Das Frauennetzwerk Medien, der Presseclub Concordia, die Medienfrauen Schweiz und der deutsche Verein ProQuote Medien fordern, dass Frauenförderung ein Kriterium bei der Vergabe öffentlicher Fördermittel für Medien wird. "Die Wahrheit ist, dass wir noch immer weit entfernt von echter Gleichstellung sind, das belegen alle Zahlen. Unsere Gesellschaft wird weiterhin hauptsächlich von Männern beherrscht und gestaltet und das können und dürfen wir als Gesellschaft nicht akzeptieren", betonte Alexandra Wachter, stellvertretende Vorsitzende des Frauennetzwerks Medien, in einer Aussendung. Die Organisationen sprechen sich außerdem unter anderem für einen 50-prozentigen Frauenanteil auf allen Führungsebenen in Medienhäusern sowie für mehr Frauen als Protagonistinnen und Expertinnen in der Berichterstattung aus.

Presserat rügt "oe24"

"oe24" hat nach Meinung des Senats 1 des Presserats Anfang März mit einer Titelseite gegen die Punkte 5 (Persönlichkeitsschutz) und 6 (Intimsphäre) des Ehrenkodex für die österreichische Presse verstoßen. Neben der Schlagzeile "Corona: Promi-Anwalt im Koma" wurde ein unverpixeltes Porträtfoto des erkrankten Anwalts veröffentlicht.

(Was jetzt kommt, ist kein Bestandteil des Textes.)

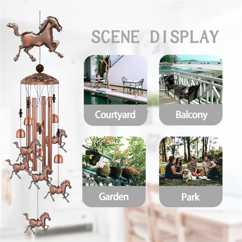 [Beautiful Home Decoration]Purely handmade copper horse wind chimes are lightweight and easy to hang. If the garden in your heart has become dull and trivial, our wind chimes can provide a vibrant place for your garden/courtyard/balcony/window/corridor/entertainment place. It can be used to decorate a girl's bedroom, children's bedroom, living room, window, garden, terrace, adding beautiful melodies to the environment. It can effectively commemorate special people or important memories.
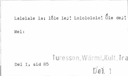 //// x A //// Lalelale la; lole lej'. Lololololo'. Ole dej'. Mel: //// I u r e s s o n, W ärml, Kult.Tre //// Del I, sid 85 //// Del 1 ////
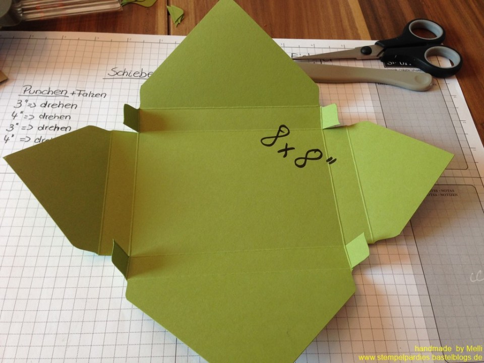 IMG_6430 (Kopie) ← Zurück Weiter → Dann schneidet ihr die Laschen wie im Bild zu sehen ein. und knickt schon mal die Falzlinie vor.
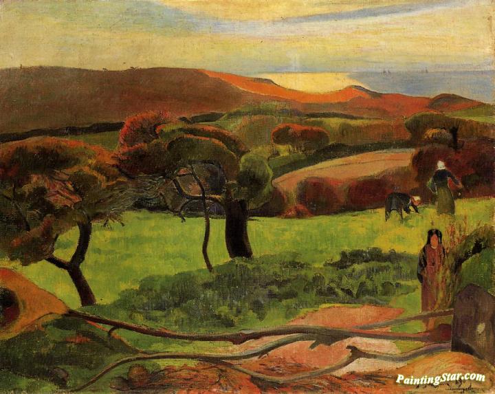 Breton Landscape - Fields by the Sea, Art Painting by Paul Gauguin
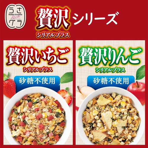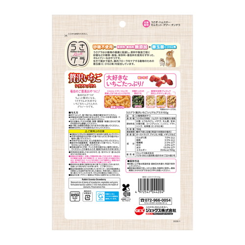 大好きないちごたっぷり!砂糖不使用のおやつです。●うさグラは小動物の健康に配慮し、原料や製造工程に砂糖などの糖類・食塩、保存料・着色料を使用せず作った、ギルトフリーなおやつです。生きて腸まで届き、腸内フローラをケアする動物のための善玉菌(C-3102株)を配合しています。●大好きないちごたっぷり!粒いちご入り。●りんご、トマト、にんじんのおいしさギュッとこだわりシリアル入り。●小麦グルテン不使用、お腹にやさしいオートミール入り。
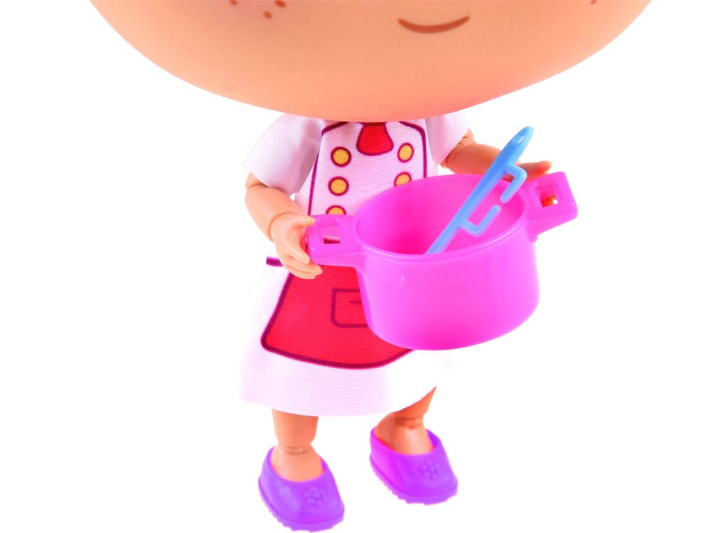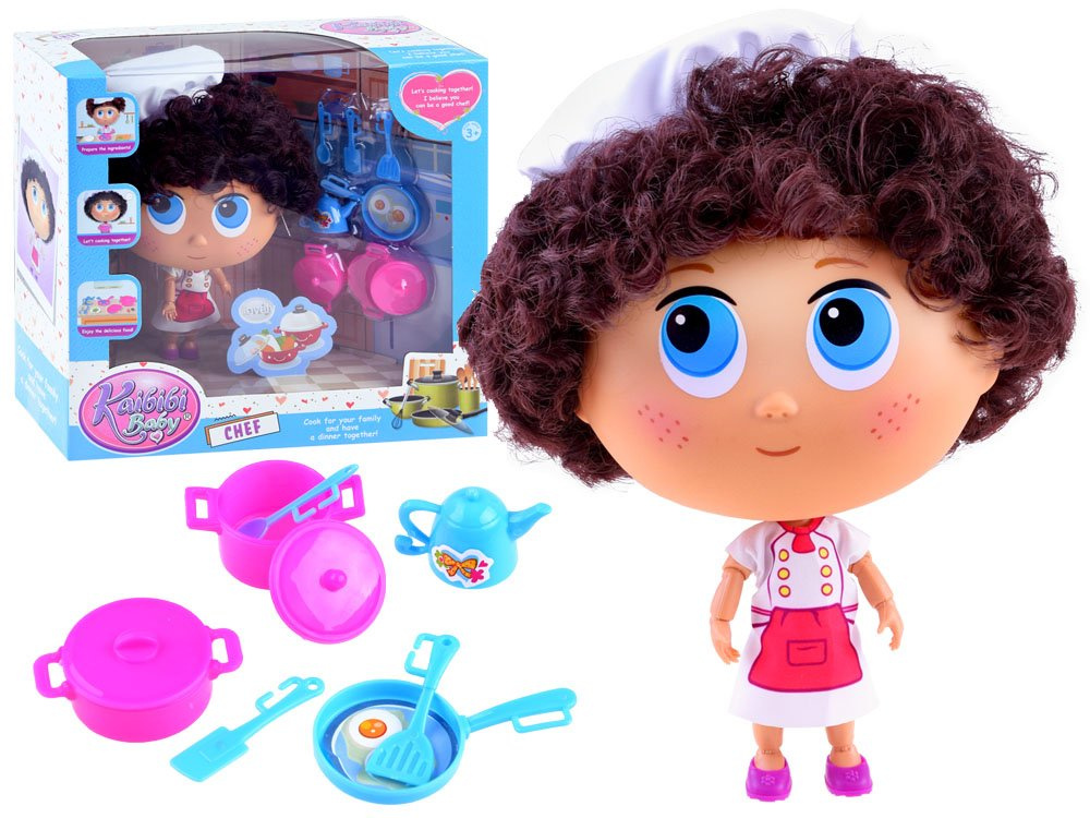 Úplne originálna bábika v kuchárskom oblečení je skvelý nápad. Bábika vyrobená výhradne z plastu s mega chlpatou, fantastickou hlavou. Bábika má všetky končatiny pohyblivé, ohýbateľné v kĺboch, zápästiach, lakťoch, kolenách, členkoch. Hlava sa otáča o 360 stupňov. Má na sebe kuchársku zásteru, ružové papuče a kuchársku čiapku. Má veľké oči, roztomilé pehy a úsmev na tvári. Má sadu hrncov, panvíc a kuchynského náčinia. S takouto bábikou bude každá hra čistým potešením.
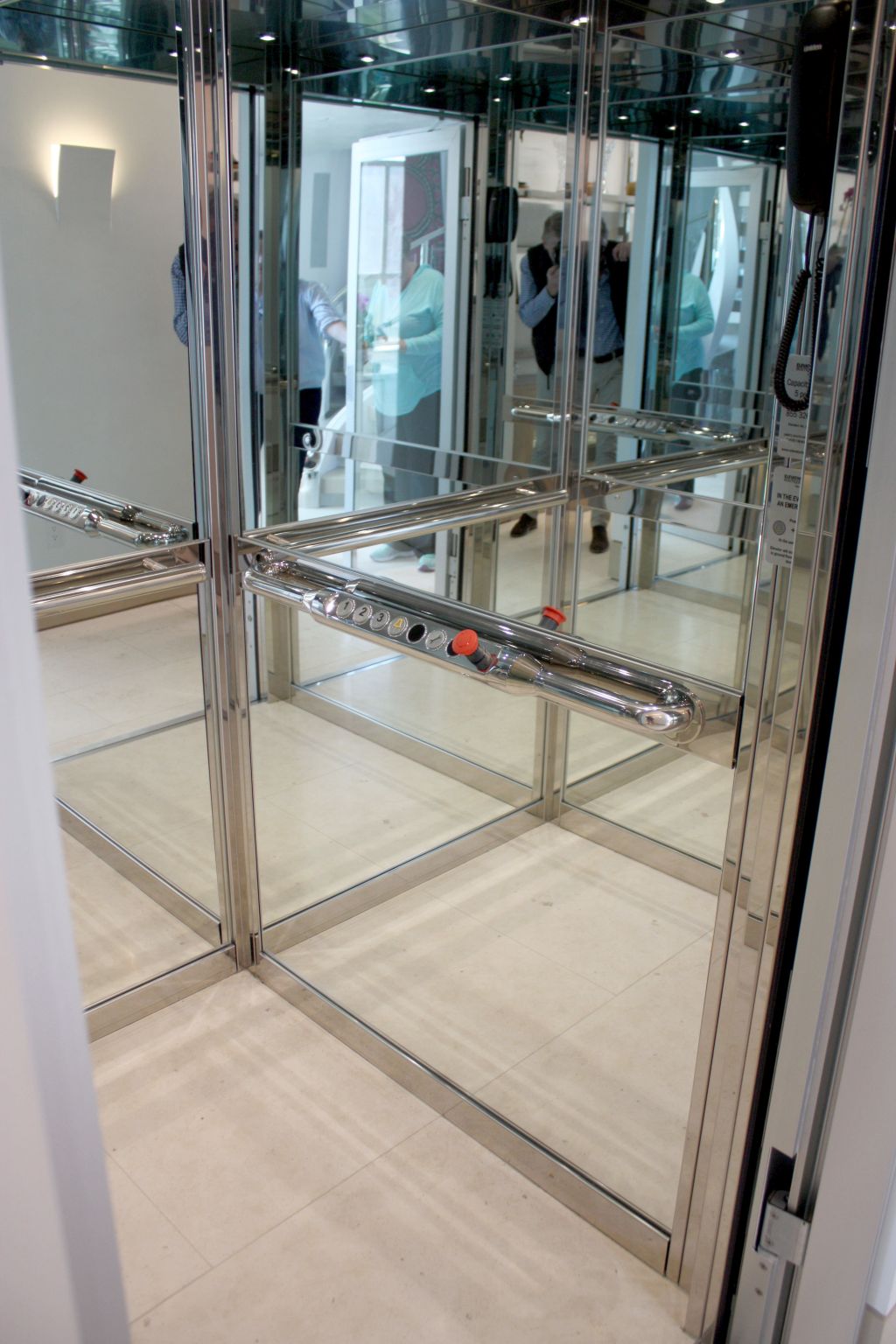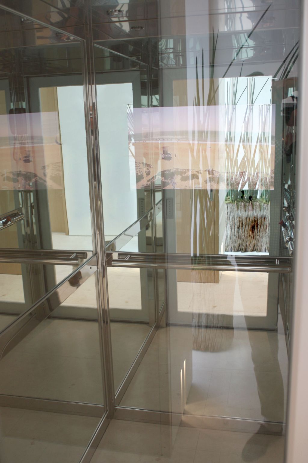 Inside the lift cabin, every surface reflects light and atmosphere. All three walls are clad in full‑size mirrors that visually expand the space, while polished stainless steel trims frame reflections with a clean, architectural edge. The effect is cinematic—people inside the lift can see the beach and horizon, mirrored infinitely, creating a sense of floating between sand and sky.
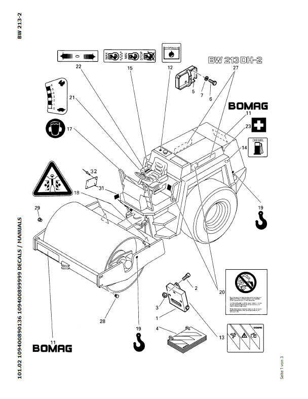 Download Complete Parts Catalogue Manual For Bomag BW 213 DH-2 (2A) Earth & Sanitary Landfill Construction | Serial Number - 00811641 | Pub. - 109400890136 -> 109400899999
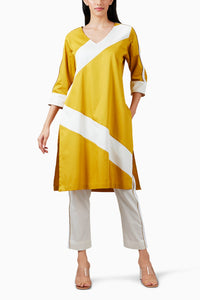 This V-neck kurta combines vibrant mustard yellow with crisp off-white in a sleek, two-tone design, enhanced by a side slit and three-quarter sleeves with gold zippers and off-white cuffs with gold trim for a luxurious touch. Paired with straight-fit ankle-length pants in pure off-white fabric, the elastic back waist ensures comfort, while side pockets and a gold-trimmed side zip add sophistication and practicality.

Zudem wurde der Betroffene mit Vor- und Nachnamen genannt und als "Corona-Opfer" bezeichnet. "Die Information, dass sich eine konkrete Person mit dem Coronavirus infiziert habe und deshalb schwer erkrankt sei, ist grundsätzlich dazu geeignet, den Betroffenen zu stigmatisieren und in seine geschützte Persönlichkeitssphäre einzugreifen. Dies gilt umso mehr, wenn diese Information zusammen mit einem großen Porträtfoto des Erkrankten auf der Titelseite abgedruckt wird", kritisierte der Presserat in einer Aussendung. Der Senat wies außerdem darauf hin, dass der Anwalt zum Zeitpunkt des Erscheinens der Titelseite bereits seit einiger Zeit im Krankenhaus war, in seiner Kanzlei eine Testung aller Mitarbeiter durchgeführt wurde, die Behörden eingeschaltet und die Kontaktpersonen des Erkrankten informiert waren. "Das Medium kann sich somit auch nicht darauf berufen, dass die Veröffentlichung den Zweck gehabt hätte, die Umgebung des Erkrankten vor der Gefahr einer etwaigen Ansteckung zu warnen", hieß es.

ORF-"Sommerkabarett" ab 3. Juli

Kommende Woche startet auf ORF 1 wieder das "Sommerkabarett". Den Auftakt macht am Freitag, den 3. Juli (20.15 Uhr), die ORF-Premiere von Omar Sarsams Programm "Herzalarm". Am Spielplan steht zudem ein Wiedersehen mit Kabarettprogrammen von den Hektikern, Thomas Stipsits, Gery Seidl, Thomas Maurer, Andreas Vitasek, Viktor Gernot und Alex Kristan. Noch mehr zu lachen gibt es mit "Ziemlich bester Urlaub" (ab 3. Juli), "Was gibt es Neues? - Classics" (ab 26. Juni) und beim Dacapo für die "Pratersterne" (ab 31. Juli).